▶ **Given information**
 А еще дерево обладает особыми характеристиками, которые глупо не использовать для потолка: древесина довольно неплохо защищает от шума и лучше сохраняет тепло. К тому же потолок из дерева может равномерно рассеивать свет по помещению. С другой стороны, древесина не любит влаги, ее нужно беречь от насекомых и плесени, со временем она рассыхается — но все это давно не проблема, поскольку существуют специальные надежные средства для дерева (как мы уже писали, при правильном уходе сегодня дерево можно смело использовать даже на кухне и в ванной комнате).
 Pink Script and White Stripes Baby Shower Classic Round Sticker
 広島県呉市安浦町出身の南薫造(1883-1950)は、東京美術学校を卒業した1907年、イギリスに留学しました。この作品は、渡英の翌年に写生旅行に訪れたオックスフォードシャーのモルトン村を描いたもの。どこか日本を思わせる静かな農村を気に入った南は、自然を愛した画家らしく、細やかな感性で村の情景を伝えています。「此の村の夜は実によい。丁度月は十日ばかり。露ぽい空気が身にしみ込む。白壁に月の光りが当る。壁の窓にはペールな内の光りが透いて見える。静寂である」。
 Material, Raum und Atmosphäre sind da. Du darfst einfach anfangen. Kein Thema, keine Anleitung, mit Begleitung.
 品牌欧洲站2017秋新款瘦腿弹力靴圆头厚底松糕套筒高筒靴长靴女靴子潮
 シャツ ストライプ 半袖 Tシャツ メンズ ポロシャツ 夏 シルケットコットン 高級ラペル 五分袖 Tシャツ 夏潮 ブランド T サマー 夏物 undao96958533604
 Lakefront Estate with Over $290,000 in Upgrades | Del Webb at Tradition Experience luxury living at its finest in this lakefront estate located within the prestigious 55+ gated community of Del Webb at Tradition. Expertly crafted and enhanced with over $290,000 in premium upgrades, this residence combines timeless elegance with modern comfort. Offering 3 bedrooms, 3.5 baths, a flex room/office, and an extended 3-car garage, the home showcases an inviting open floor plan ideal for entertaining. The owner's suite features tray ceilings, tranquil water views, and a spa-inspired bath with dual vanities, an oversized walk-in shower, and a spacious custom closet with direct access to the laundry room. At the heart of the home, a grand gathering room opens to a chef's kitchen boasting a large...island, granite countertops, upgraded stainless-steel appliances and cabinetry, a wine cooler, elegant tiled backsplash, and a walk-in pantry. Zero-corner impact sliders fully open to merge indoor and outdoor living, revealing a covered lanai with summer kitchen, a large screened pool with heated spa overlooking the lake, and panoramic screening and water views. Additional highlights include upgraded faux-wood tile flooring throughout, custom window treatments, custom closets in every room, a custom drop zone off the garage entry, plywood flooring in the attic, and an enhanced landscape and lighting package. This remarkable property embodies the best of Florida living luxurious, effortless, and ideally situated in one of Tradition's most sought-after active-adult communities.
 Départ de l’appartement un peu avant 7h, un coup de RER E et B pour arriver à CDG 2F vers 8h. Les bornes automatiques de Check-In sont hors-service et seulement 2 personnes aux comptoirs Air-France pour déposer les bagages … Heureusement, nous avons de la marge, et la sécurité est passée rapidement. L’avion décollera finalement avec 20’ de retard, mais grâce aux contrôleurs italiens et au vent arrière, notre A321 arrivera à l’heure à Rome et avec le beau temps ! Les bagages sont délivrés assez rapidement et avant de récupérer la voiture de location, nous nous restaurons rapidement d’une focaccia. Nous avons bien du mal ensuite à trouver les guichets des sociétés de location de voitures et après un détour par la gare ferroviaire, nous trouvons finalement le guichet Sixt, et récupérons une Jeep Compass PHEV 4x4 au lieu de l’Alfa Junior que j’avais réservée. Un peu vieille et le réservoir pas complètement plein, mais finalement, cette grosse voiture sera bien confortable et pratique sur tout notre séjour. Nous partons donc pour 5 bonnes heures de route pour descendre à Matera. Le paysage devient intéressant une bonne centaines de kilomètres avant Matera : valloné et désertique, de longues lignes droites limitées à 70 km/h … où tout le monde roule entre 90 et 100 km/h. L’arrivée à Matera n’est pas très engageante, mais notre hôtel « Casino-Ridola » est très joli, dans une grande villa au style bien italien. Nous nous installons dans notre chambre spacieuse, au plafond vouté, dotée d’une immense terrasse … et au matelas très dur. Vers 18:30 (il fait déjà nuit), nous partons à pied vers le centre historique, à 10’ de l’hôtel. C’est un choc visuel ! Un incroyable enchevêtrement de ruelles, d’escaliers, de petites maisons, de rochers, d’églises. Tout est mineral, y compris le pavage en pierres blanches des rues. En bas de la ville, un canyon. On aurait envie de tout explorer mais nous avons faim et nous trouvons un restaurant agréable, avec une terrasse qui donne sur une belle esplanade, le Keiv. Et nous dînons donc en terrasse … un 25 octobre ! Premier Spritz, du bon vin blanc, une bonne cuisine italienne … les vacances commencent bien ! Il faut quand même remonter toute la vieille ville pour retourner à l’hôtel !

▶ **Activity**
Look above for the line holding "広島県呉市安浦町出身の南薫造" and the line holding "品牌欧洲站2017秋新款瘦腿弹力靴圆头厚底松糕套筒高筒靴长靴女靴子潮". Retype both, and every line between them, word for word and nothing else.

▶ **Result for this exercise**
 広島県呉市安浦町出身の南薫造(1883-1950)は、東京美術学校を卒業した1907年、イギリスに留学しました。この作品は、渡英の翌年に写生旅行に訪れたオックスフォードシャーのモルトン村を描いたもの。どこか日本を思わせる静かな農村を気に入った南は、自然を愛した画家らしく、細やかな感性で村の情景を伝えています。「此の村の夜は実によい。丁度月は十日ばかり。露ぽい空気が身にしみ込む。白壁に月の光りが当る。壁の窓にはペールな内の光りが透いて見える。静寂である」。
 Material, Raum und Atmosphäre sind da. Du darfst einfach anfangen. Kein Thema, keine Anleitung, mit Begleitung.
 品牌欧洲站2017秋新款瘦腿弹力靴圆头厚底松糕套筒高筒靴长靴女靴子潮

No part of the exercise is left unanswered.